Description
During performance testing of a new Lustre file system, we discovered that read/write performance aren't where we would expect. As an example, the block level read performance for the system is just over 65GB/s. In scaling tests, we can only get to around 30 GB/s for reads. Writes are slightly better, but still in the 35GB/s range. At single node scale, we seem to cap out at a few GB/s.
After going through tunings and everything that we can find, we're slightly better, but still miles behind where performance should be. We've played with various ksocklnd parameters (nconnds, nscheds, tx/rx buffer size, etc), but really to not much change. Current tunings that may be relevant: credits 2560, peer credits 63, max_rpcs_in_flight 32.
Network configuration on the servers is 2x 100G ethernet bonded together (active/active) using kernel bonding (not ksocklnd bonding).
iperf between two nodes gets nearly line rate at ~98Gb/s and iperf from two nodes to a single node can push ~190Gb/s, consistent with what would be expected from the kernel bonding.
lnet selftest shows about ~2.5GB/s (20Gb/s) rates for node to node tests. I'm not sure if this is a bug in lnet selftest or a real reflection of the performance.
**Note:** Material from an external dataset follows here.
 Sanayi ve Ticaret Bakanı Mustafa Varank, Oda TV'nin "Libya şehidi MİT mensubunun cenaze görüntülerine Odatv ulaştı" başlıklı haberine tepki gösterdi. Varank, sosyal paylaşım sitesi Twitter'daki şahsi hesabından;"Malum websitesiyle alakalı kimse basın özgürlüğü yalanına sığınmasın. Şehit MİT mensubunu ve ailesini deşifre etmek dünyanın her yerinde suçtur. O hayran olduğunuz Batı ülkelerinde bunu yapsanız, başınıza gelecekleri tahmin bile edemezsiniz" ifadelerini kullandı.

We found the following related tickets/mailing list discussions which seem to be very similar to what we're seeing, but with no resolutions:
http://lists.lustre.org/pipermail/lustre-discuss-lustre.org/2019-August/016630.html
https://jira.whamcloud.com/browse/LU-11415
https://jira.whamcloud.com/browse/LU-12815 (maybe performance limiting, but I doubt it for what we're seeing)
Any help or suggestions would be awesome.
Thanks!
- Jeff
Just to toss a quick update out: tested the multirail virtual interface setup and can get much better rates from single node -> single node with lnet_selftest. Can't really test a full file system run without huge effort to deploy that across the system, so shelving that for now.
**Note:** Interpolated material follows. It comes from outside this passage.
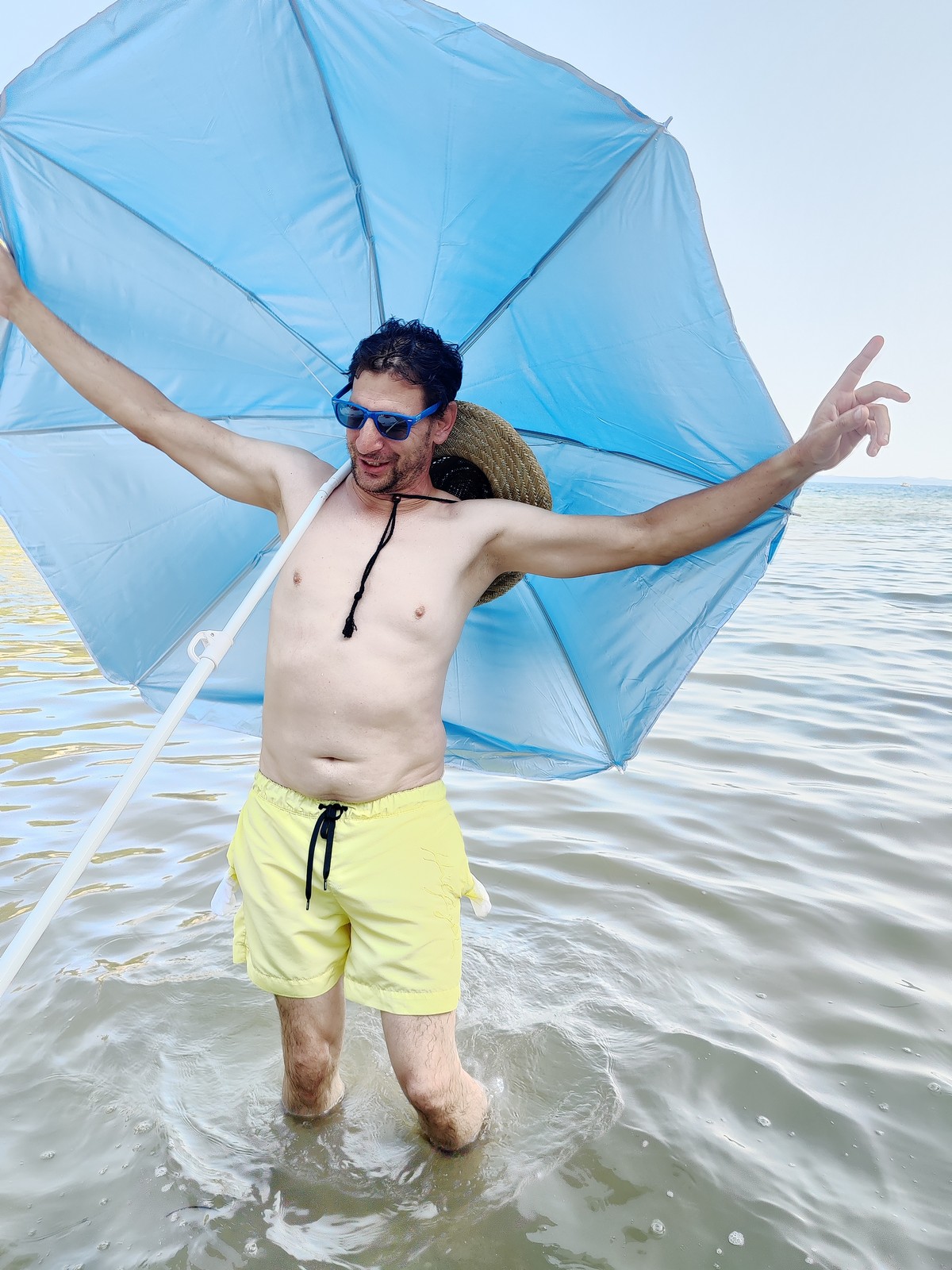 U pauzi između dva picigina, Lučo je pomaknuo istraživačke granice aero i hidro dinamike istražujući korelaciju između refula juga, površine i kuta suncobrana i vjerojatnosti spoticanja i padanja u more … bilo je za dlaku.

Is this a common problem on 100G ethernet, or are there just not many 100G eth based systems deployed?
Path forward: We're going to attempt to move to a 2.14 (2.13.latest I guess) server with a
LU-12815patch and test with the conns-per-peer feature. This is the quickest path forward to test, rather than re-deploying without kernel bonding. Will update with how this goes tomorrow.